Case ID: ad2d_55/html/0539-01.html
Source: Caselaw Access Project
Author: {"author": "", "license": "Public Domain", "url": "https://static.case.law/"}
Date Created: 2024-08-24T03:29:51.129683

Lawyers Title Insurance Corporation, as Assignee and Subrogee of Rosenthal & Rosenthal, Inc., Respondent, v Julian N. Marx, Also Known as Jay Marx, Appellant, et al., Defendants.

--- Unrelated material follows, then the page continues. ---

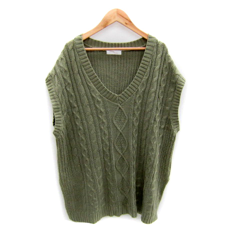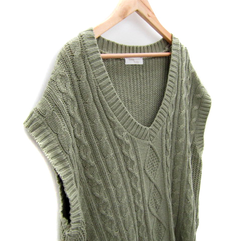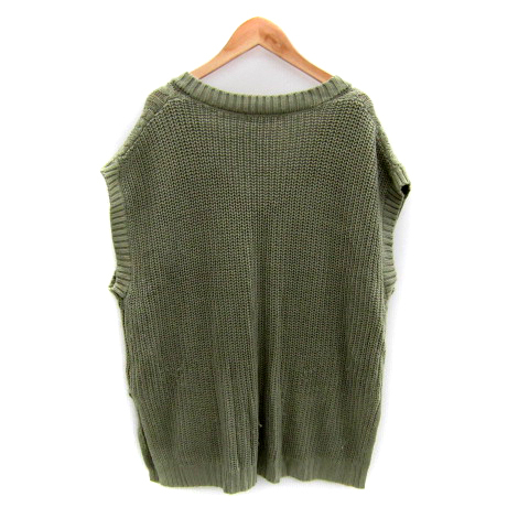 ミーサリーナ Mysa&Liina ニットベスト ミドル丈 Vネック オーバーサイズ スリット M カーキ /SY1 レディース
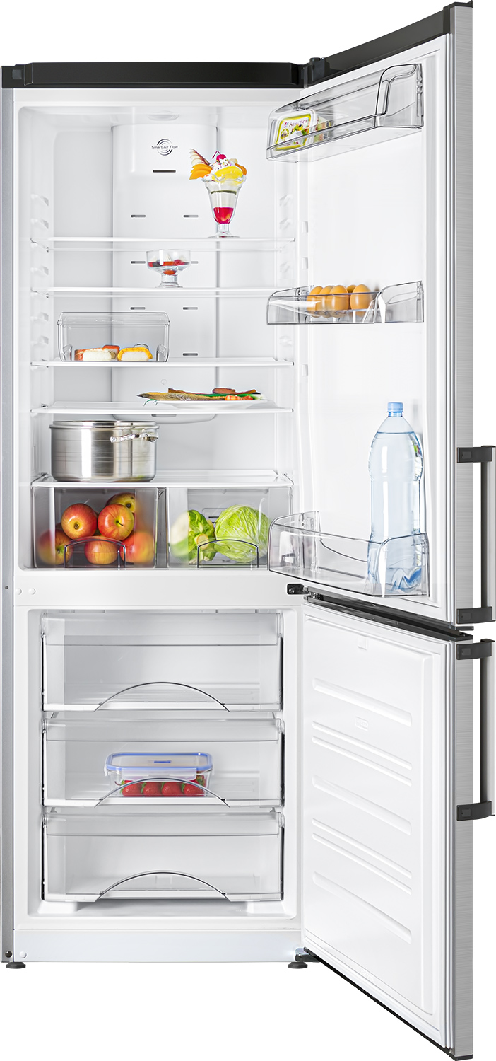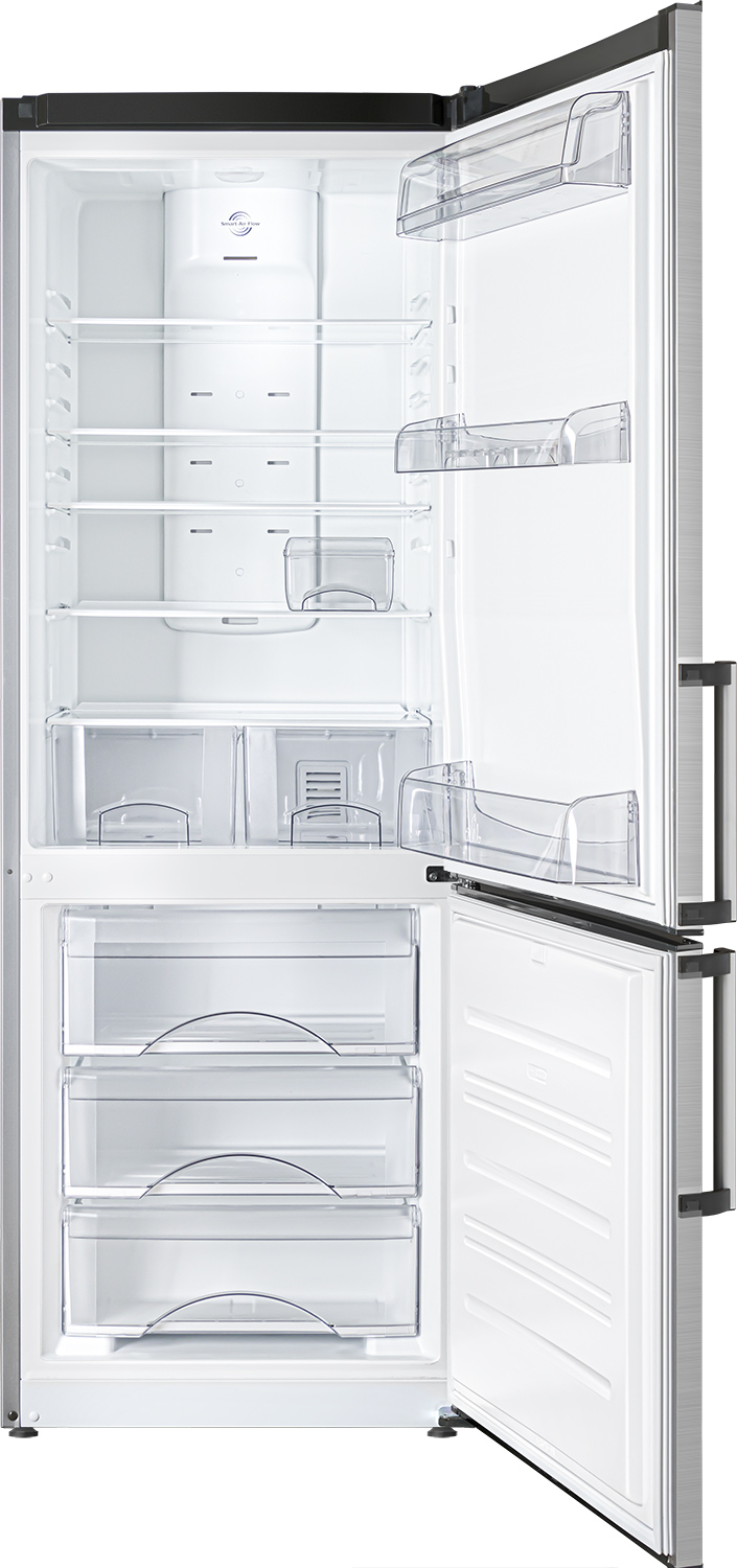 Система охлаждения \Full No Frost" обеспечивает принудительную циркуляцию холодного воздуха в отделениях, а также предотвращает намерзание инея в МО, поэтому нет необходимости размораживать его несколько раз в год.

   Order, Supreme Court, New York County, entered October 30, 1975, granting plaintiff’s motion for partial summary judgment on the first cause of action and severance of the two causes of action, and the judgment of November 1, 1975 entered thereon, unanimously affirmed, with $60 costs and disbursements to respondent. This action to recover on a guarantee of a mortgage note, which concededly is in default, was commenced by the lender’s subrogated assignee. Defendant-appellant, Julian Newton Marx, the corporate borrower’s president and guarantor, in his individual capacity, of the mortgage loan contends he was fraudulently induced to give that guarantee. His claim, that he would not have entered into the transaction had he not been deceived by plaintiff’s agents into believing prior liens on the realty would be satisfied from the proceeds of the loan is not borne out by any evidentiary facts. Indeed it appears Marx not only was aware of the three prior mortgages, that he induced the lender into believing his corporation owned the property at the time the loan was made, when it in fact did not, and that in conveying this false impression to the lender he was instrumental in concealing facts regarding the property owner’s true name. Furthermore the record discloses Marx’s corporation received the entire mortgage loan and although he charges, on information and belief, that plaintiff’s agent diverted a substantial portion of those proceeds to his own use, there is no documentary proof offered to support this accusation. The claim that appellant is unable to submit opposing documentary evidence because he delivered certain documents and papers to the Westchester County District Attorney’s office is also unpersuasive for they are not identified and it has not been shown how they are relevant to his defense. Concur—Markewich, J. P., Lupiano, Silverman, Lane and Yesawich, JJ. (Dated: Nov. 29, 1976.)